We've heard of some big movie deals being made before a book was sold in the U.S. But we've never heard of one for a manuscript that wasn't even in English, and had Hollywood producers scrambling for dictionaries or French speakers to see just what they were buying. That was the case, however, with If Only It Were True, an upcoming first novel by French architect Marc LevyŠ which was bought by Steven Spielberg's DreamWorks for $2 million. According to VarietyŠ every studio except Warner and Paramount bid on the property, which is being published in Paris by Laffont next spring. They were excited mostly by an English-language précis that Paris-based Laffont editor Susanna Lea circulated, which certainly sounded high-concept, and which actually said, "A novel that reads like a film." Briefly, it is the story of a man who discovers a beautiful woman in his apartment who is visible only to him. Lea told our Paris man, Herb Lottman, that she had sold book rights in the U.K. to Fourth Estate, because of an old relationship with that company, but was just beginning to auction U.S., German and Italian rights. Bob Bookman at CAA organized the movie sale.

GOD IN THE HEAD

What happens in your head when you pray to God or meditate about Him? Two neuroscientists at the University of Pennsylvania, professors Andrew Newberg and Eugene D'Aquili, have been conducting research that measures the brain patterns of people meditating and at prayer. The results, in a book to be called Why God Won't Go Away, to be written with Vince Rause, has been sold for a strong six-figure advance to Leslie Meredith at Ballantine. Meredith declares it is a study of ways in which people are "wired for God," and finds it an ideal blend of science and spirituality.
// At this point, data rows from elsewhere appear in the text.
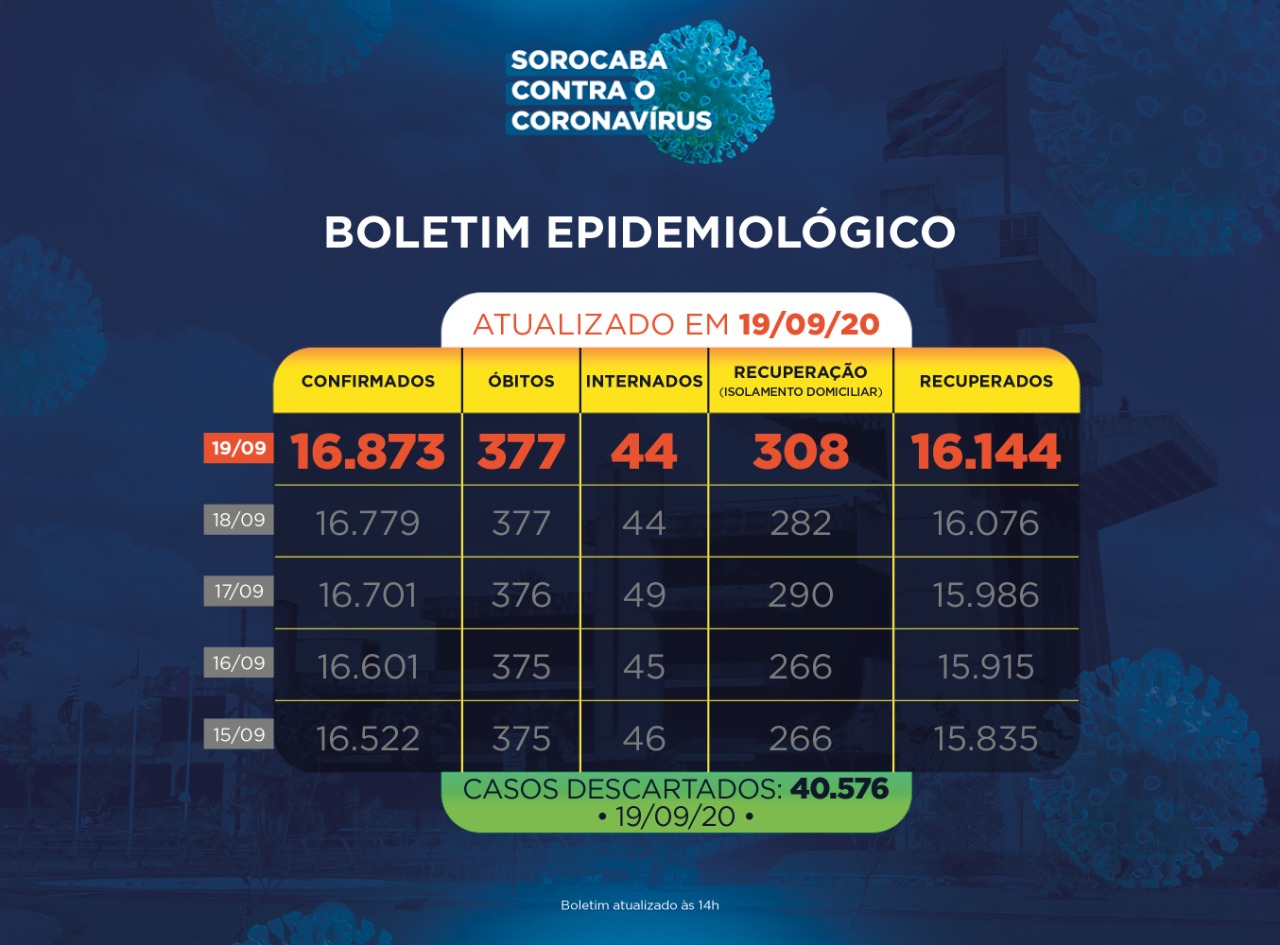 A Prefeitura de Sorocaba, por meio da Secretaria da Saúde (SES), registrou 16.144 recuperados da Covid-19, neste sábado (19). Já os casos confirmados com a doença passaram de 16.779 para 16.873 na cidade. Os óbitos com a confirmação se mantiveram em 377.
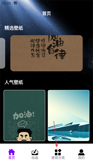 1、進(jìn)入軟件首頁(yè),點(diǎn)擊底部壁紙分類(lèi),進(jìn)入壁紙分類(lèi)頁(yè)面。
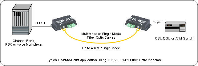 The TC1630 Fiber Optic T1/E1 Modem is typically used to link Channel Banks, PBXs,
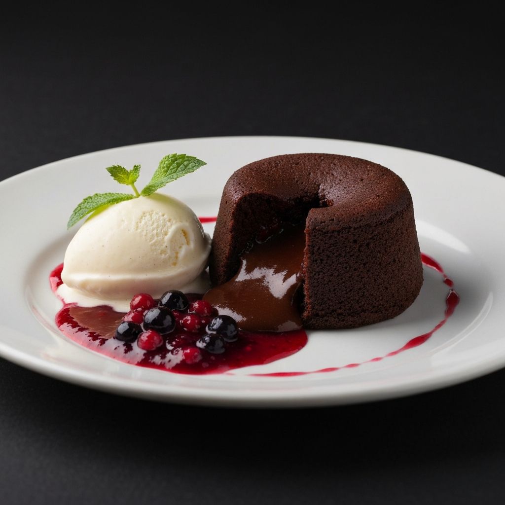 Warm valrhona chocolate fondant, vanilla bean ice cream, raspberry coulis.
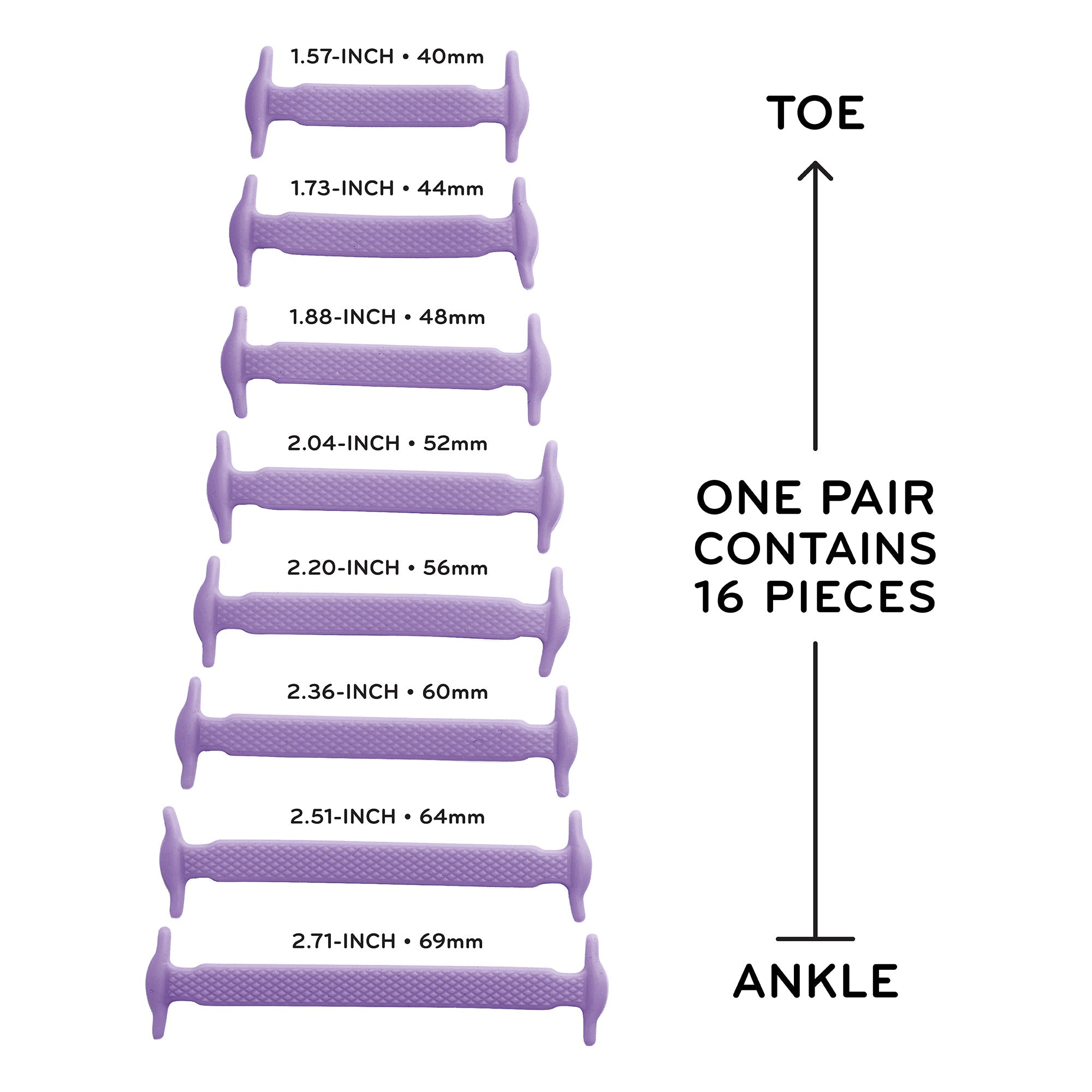 The straps come in varying widths to follow the shape of your shoe seamlessly. Simply strap in the stretchy laces through the eyelets on your shoes to experience a world without knots!

She bought world rights, excluding British Commonwealth, from Arielle Eckstut of James Levine Communications, working with Kitty Farmer.

'NUMBER ONE' FOR THE '90s

In the mid-1980s, those go-go years, Robert Ringer burst upon the book world with two self-published books that were later taken on by Fawcett and sold millions of copies: Winning Through Intimidation and Looking Out for Number One. Now Ringer is back, with agent Jane Dystel and a new book, tentatively titled Rational Living in an Irrational World, which Jane just sold to Wendy Hubbard at Jeremy Tarcher, an imprint at Penguin Putnam. Hubbard sees it as an updated version of Number One, tailored to this rather more easygoing time, and Dystel says the author is planning a new series of books. The deal was for world rights, and the book should be ready for next fall.

SHORT TAKES

The daughter of a famous father, Bliss Broyard, who published a well-received book of stories with Knopf earlier this year, is doing a memoir of her father, Anatole, called Mixed Blood, and Little, Brown's Michael Pietsch has bought this, and an unwritten novel, in a two-book six-figure deal from Jennifer Rudolph Walsh at Virginia Barber.... One of the more eagerly anticipated books being talked about in Frankfurt hasn't been written yet: it's a planned nonfiction book by novelist Robert Stone, his first, about the '60s, a decade that helped shape him and his work. It was commissioned by an old friend, Dan Halpern at HarperCollins's Ecco Press imprint, and Stone's agent, Neal Olson at Donadio & Olson, helped clear the deal with Stone's regular publisher, Houghton Mifflin.